>>>
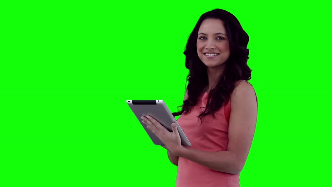 This captures a woman smiling at the camera while holding a tablet, set against a green screen background. Ideal for technology, business or educational concepts, it can be used in adverts demonstrating technology usage, online courses, or any digital communication themed materials.
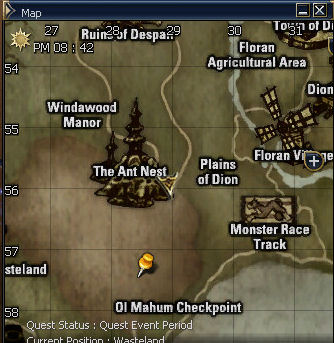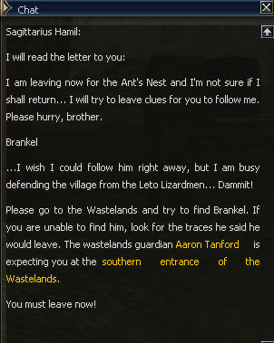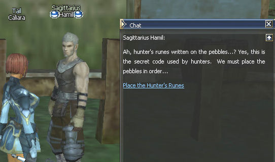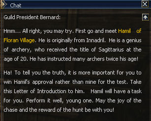 1) This quest starts at level 39, in Hunters Village with Guild President Bernard. You can target him right off the gatekeeper; he's up the stairs to the left of the gatekeeper in the first hut. He tells you to go meet the great archer Hamil in Floran Village.
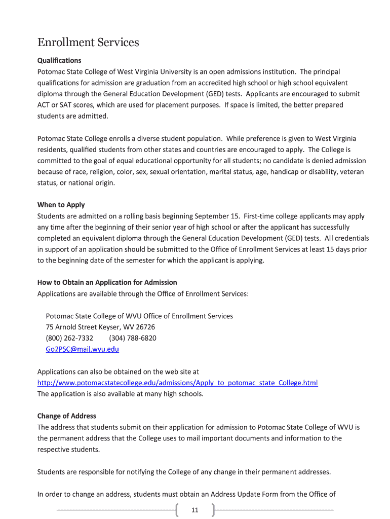 Get the free Potomac State College of West Virginia University is an open admissions institution
<<<
__WHAT THE TASK REQUIRES__.
Print each line of the material above exactly, with the pictures removed from your copy.

__EXERCISE ANSWER__.
 This captures a woman smiling at the camera while holding a tablet, set against a green screen background. Ideal for technology, business or educational concepts, it can be used in adverts demonstrating technology usage, online courses, or any digital communication themed materials.
 1) This quest starts at level 39, in Hunters Village with Guild President Bernard. You can target him right off the gatekeeper; he's up the stairs to the left of the gatekeeper in the first hut. He tells you to go meet the great archer Hamil in Floran Village.
 Get the free Potomac State College of West Virginia University is an open admissions institution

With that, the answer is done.